Yes, we farmers were able to beef up expenditures in crop insurance. And believe you me, crop insurance is dearly appreciated. But the bottom line is that while crop insurance supports farm income, it does little or nothing in solving food security or energy security issues. In short, we are doing things to replace lost farm income, but what are we are doing to guarantee our food supply or to replace the half of the wheat crop that is vanishing before our eyes?
In a recent conversation with Gary Friesen, manager of the Scott City Co-op, he pointed out that the co-op normally takes in more than 4 million bushels of wheat each year. “We could easily be just half of that this year. And that follows over a 30% reduction in 2013.”
Friesen goes on to say that this year’s fall crop outlook is even more troubling.
To me, current farm policy is applying a short term fix while ignoring a much more serious and entirely different long term problem. We’ve got the right answer, but it’s for the wrong question.
Here’s the deal: why do we keep paying over and over and over again for the same crop losses year after year?

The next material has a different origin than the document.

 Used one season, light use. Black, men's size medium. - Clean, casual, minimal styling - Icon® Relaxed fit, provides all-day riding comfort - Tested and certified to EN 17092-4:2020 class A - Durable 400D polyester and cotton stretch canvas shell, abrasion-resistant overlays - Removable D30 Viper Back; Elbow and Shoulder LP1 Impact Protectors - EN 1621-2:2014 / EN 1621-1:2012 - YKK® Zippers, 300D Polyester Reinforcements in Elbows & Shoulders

Maybe we ought to take a large amount of that money and put it into research designed to defeat the causes for crop loss. Then with less crop loss, we’d spend less on crop insurance. And we’d have something to show for it in terms of higher grain production. As it is, all these annual crop insurance payments to farmers are nothing more than rent. At the end of the day, we have nothing . We need ownership and we need equity. We need to make an investment.
Our biggest cause for crop loss is drought. Give us more drought resistant varieties and hybrids, better salt tolerance, better pest resistance and help in making more efficient use of remaining irrigation water supplies.

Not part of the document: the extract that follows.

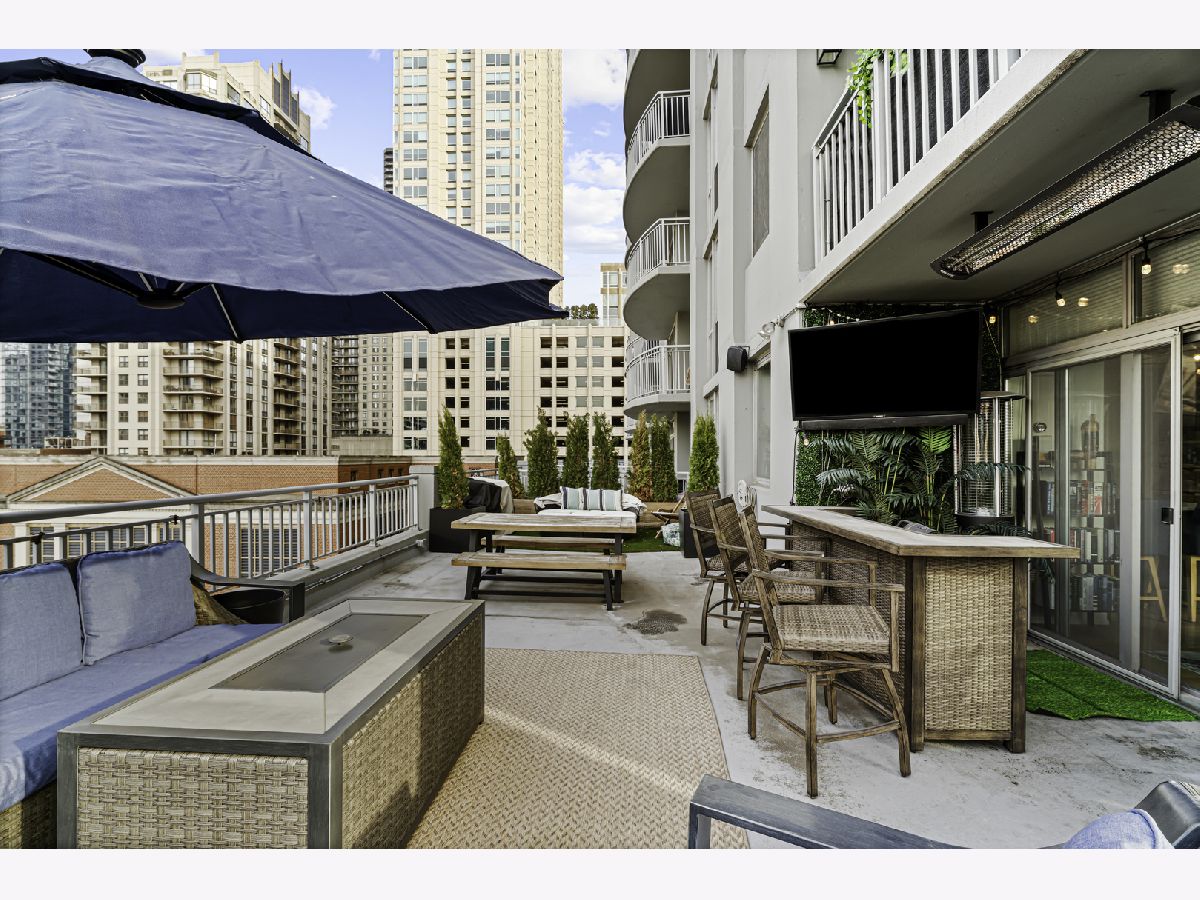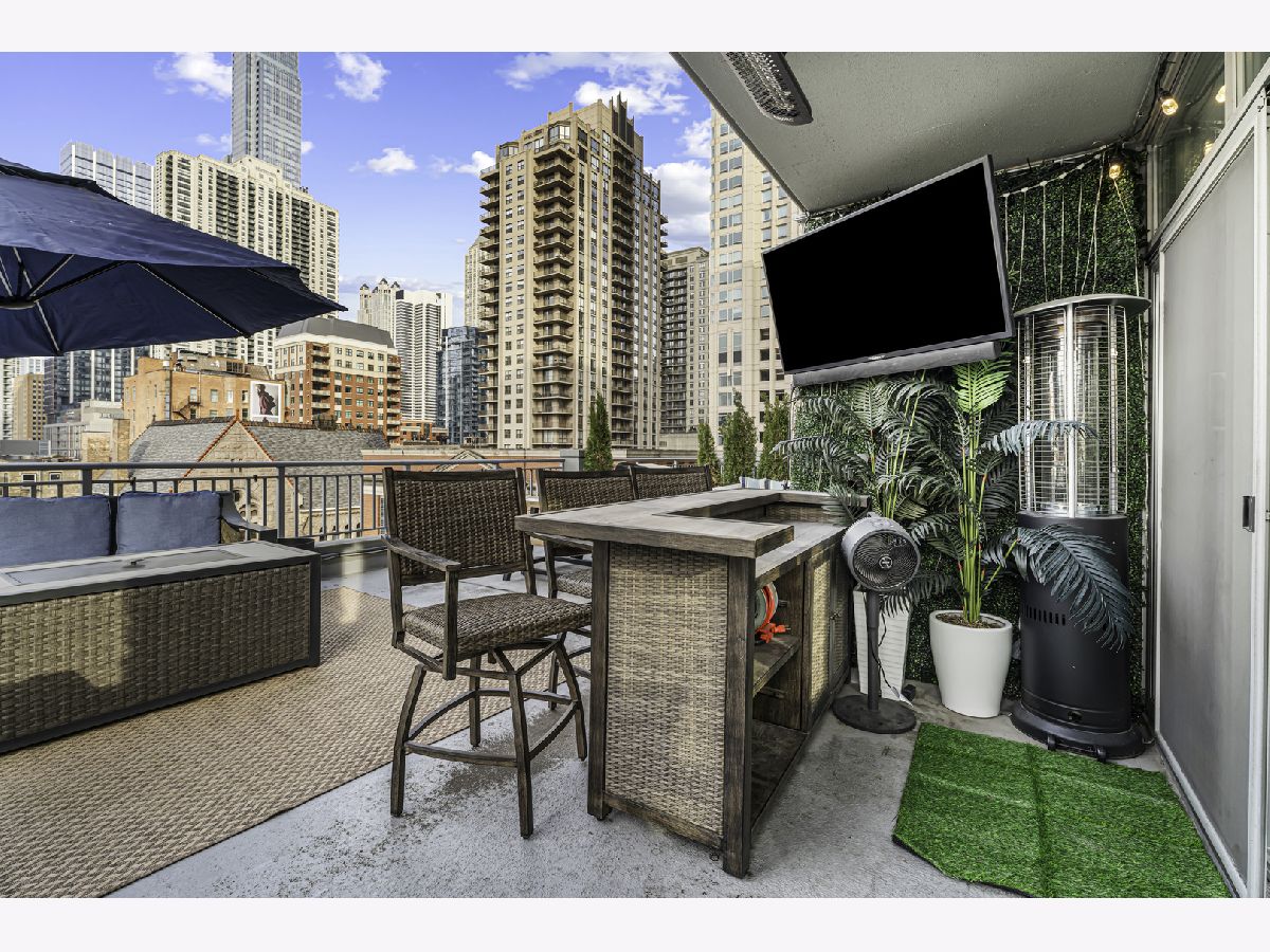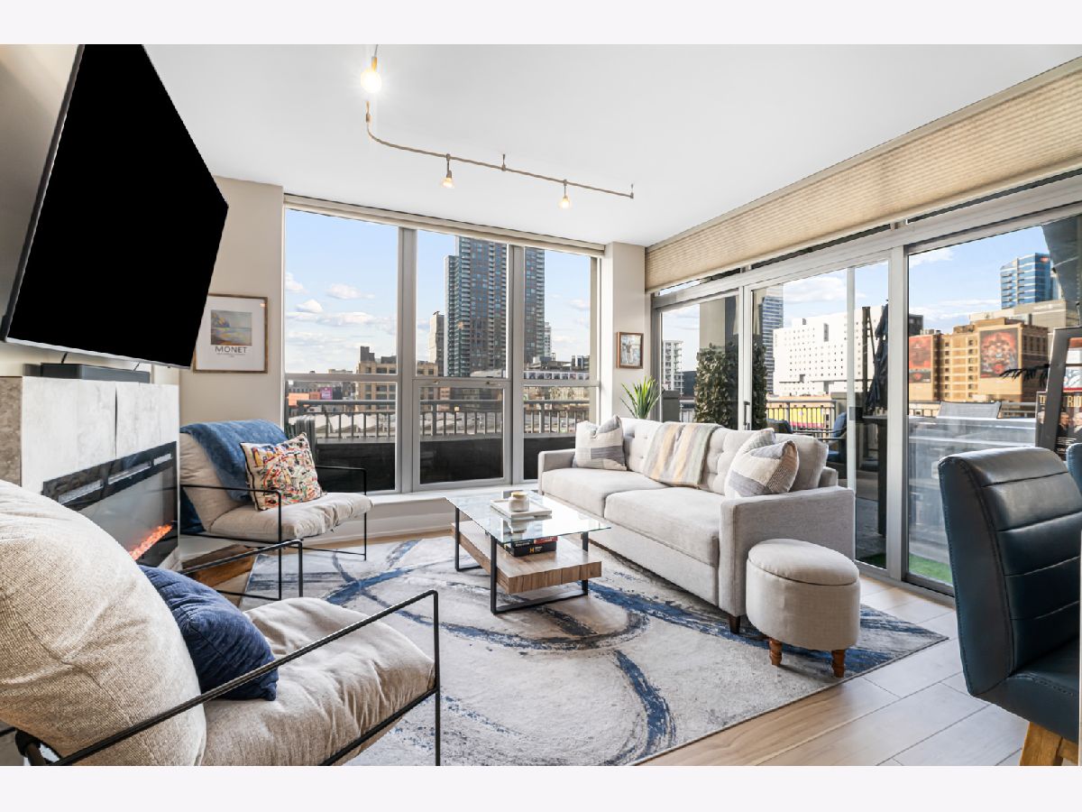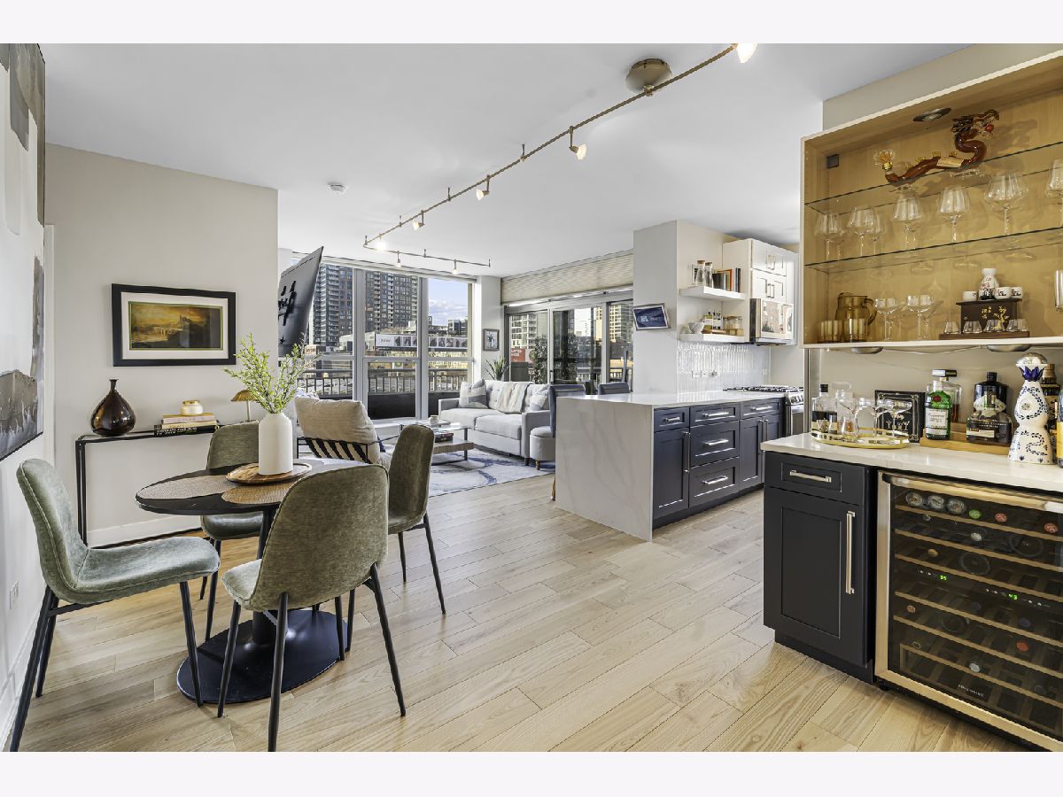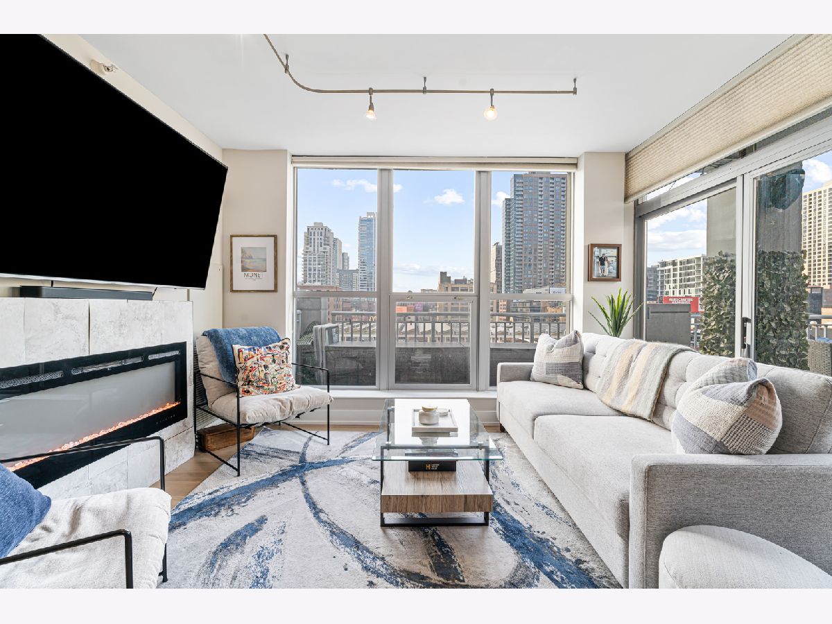 Experience elevated city living in this stunning 2 bedrooms/2-bathroom corner residence in the heart of River North. Floor-to-ceiling windows wrap the home in natural light while delivering dramatic skyline and sunset views. The open-concept living and dining areas flow seamlessly into a sleek, newly renovated kitchen featuring new cabinetry, waterfall stone countertops, a built-in wine fridge and bar, and all new stainless-steel appliances. A true standout is the expansive private terrace, fully upgraded with new electrical, lighting, TV hookup, heater (2024), and outdoor bar, creating an incredible extension of your living space for all seasons. The serene primary bedroom includes a walk-through custom closet and a spa-like bath with heated floors, dual vanities, and a walk-in shower. A split-bedroom layout provides privacy for guests or home office needs. Additional features include in-unit laundry, storage, and a deeded garage parking space. Enjoy full-service living in a well-managed building offering 24-hour door staff, fitness center, sundeck, hospitality suite, party room, dry-clean lockers, and on-site management. Monthly assessments include heat, gas, cable, and internet. All of this only steps from the Riverwalk, Ohio Street Beach, the CTA, premier shopping, dining, and nightlife.

Why do we need untold billions of dollars in crop insurance subsidies if we have better adapted varieties of wheat, for instance, that yield 4 to 5 bushels more per acre and that produce more crop residue—all in the face of drought?
My urban cousins, who already have a great deal of trouble understanding farm subsidies, could easily understand this and see the benefit in it to them. This is being seen in public doing the right thing.

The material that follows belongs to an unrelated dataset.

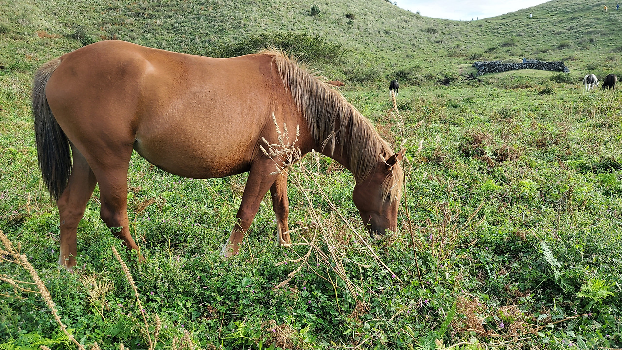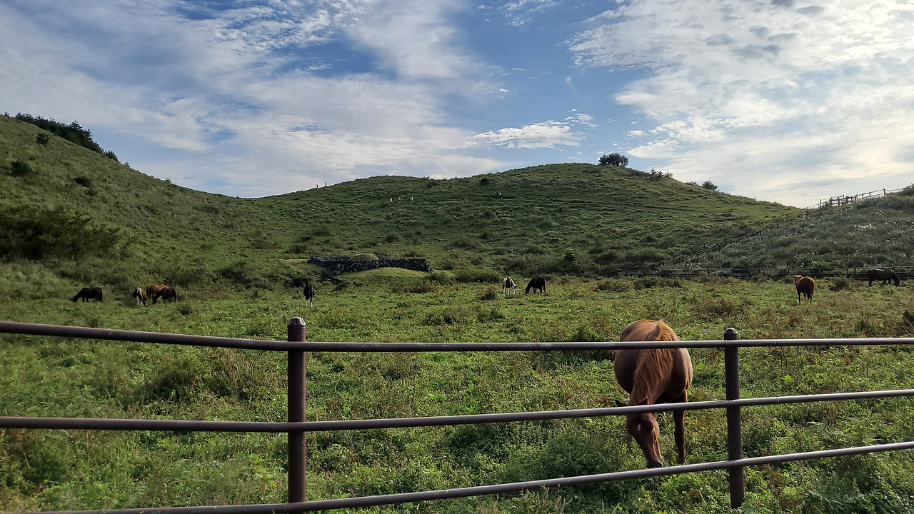 용눈이오름의 산책로는 다랑쉬오름과는 사뭇 다른 각도로 형성되어 있다. 상대적으로 완만하게 길게 걷는 나선 형태로 진행을 하게 되는데, 곳곳에 말들이 초코칩 쿠키의 초코처럼 박혀 있다. 아니, 그냥 말이 말 그대로 정말 많다. 용눈이오름이 아니라, 말 오름이라고 해도 이상하지 않을 정도. 처음에는 오오, 제주스러운 말들이군. 하며 반가워했는데, 조금 걷다 보니 말X을 피해 걷는 게 미션이었다. 정상 부근까지 올라가보면 말이 이 경사진 언덕을 얼마나 높이까지 올라갈 수 있는지를 실질적으로 확인할 수 있다. 그곳에도 말X이 있기 때문이다. 정상 뿐 아니라 어디에든 있다. 이 녀석들이 또 굉장히 매끈한 조약돌 모양을 닮아 있어서, 나중에는 그게 그게 아닌데도 솥뚜껑 보고 놀라는 것처럼 돌만 봐도 발을 들어 올리며 펄쩍 뛰게 되었다.

What is wrong with reducing the amount of money we are paying for crop loss when we can cut those expenditures by addressing the real problem—not only reducing crop insurance payments, but keeping food prices low and reasonable at the same time?
As it is, the consumer-taxpayer gets it coming and going. They pay for crop insurance losses and resulting food price increases when production drops. That’s lose-lose, not win-win.
But is this what we’re doing? Hardly.
Gary Pierzynski, head of Kansas State University’s Agronomy Department, says he and other land-grant university scientists proposed taking a small portion of the reduction in Federal direct payments to farmers to use for funding increases in ag research. “It went nowhere.”
KSU president Kirk Schultz is equally as frustrated with what’s happening on the state level. “Instead of increasing the investment in ag research, the State of Kansas is forcing cuts in our budget.”
John Floros, KSU Dean of the College of Agriculture, agrees. “In the last decade, dramatic budget cuts to the college have forced the reduction of 30 faculty positions and 60 Extension educators along with a 40% reduction in staff.”
A case in point is the current state Extension wheat specialist Jim Shroyer who will retire in July. His position is “on hold” pending budget outcomes.
I’d like to end this on a positive note, but there isn’t any. What has happened to our ability to think independently, to take the long view or to think beyond our own short term self interest? Drought or not, what we are doing is not good for business.
Note: Vance Ehmke farms in Lane County, Kansas.